This reasoning goes in the right direction in my opinion but is far from complete. it must be made clear, why it's never worth to give a piece of one's mind or self-esteem for any amount of money, otherwise you could defeat it with a simple trade-off: i accept the psychological bruise for the higher value of the money. and the psychological bruise could so easily be justified: it was necessary, every one makes mistakes, i'm not infallible, i know it's wrong but i wasn't strong enough to stop myself (same principle is at play in procrastination, you know you shouldn't do it but still everyone procrastinates and you wouldn't hate yourself forever for this; being too weak to do the right thing), the thief could then do it in full knowledge that it's wrong and then just pacify himself by forgiving himself, determining to get better, to say that he learnt from it. you'll have the money and then you'll have a lot of time (money = time) to fix your tainted self-esteem, you'll learn to forgive yourself.

to defeat this problem, the answer doesn’t either lie in the premise that money can never be a higher value than a psychological bruise, since that is for everyone to judge individually.
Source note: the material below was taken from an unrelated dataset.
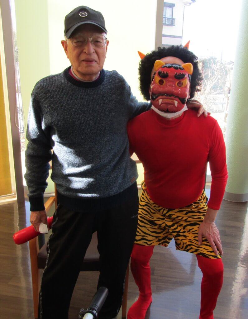今年も職員が赤鬼に扮して登場すると、食堂は一気に笑い声と拍手に包まれました😊
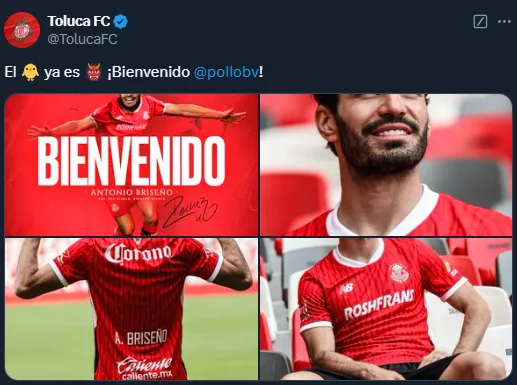 Pese a que era una operación que ya se conocía, Toluca hizo el anuncio oficial este jueves. Mediante un comunicado en redes, los Diablos Rojos le dieron la bienvenida al ex Chivas. “El pollo ya es diablo. ¡Bienvenido!”, escribió la cuenta del club, haciendo formal y públicamente conocido el acuerdo.

instead, the problem is defeated by proving that there is in fact NO trade off: you are not giving a smaller value (part of self-esteem) for the higher value (money). you are trading a disvalue for another disvalue.

this reminds me of such character testing questions as: would you sleep with someone you hate/are deeply repulsed by for x amount of dollars? the people who struggle with this question and think that everyone has a price ("surely you'd do it for 1 billion, think about 1 billion you'd never have to work again or could start your dream career"), think that the money will actually be worth something to them. but this is CONTEXT dropping. there is nothing to gain, you are not surrendering a lower value for a higher one. but why not? i'd have to refer you to Francisco's money speech in atlas shrugged.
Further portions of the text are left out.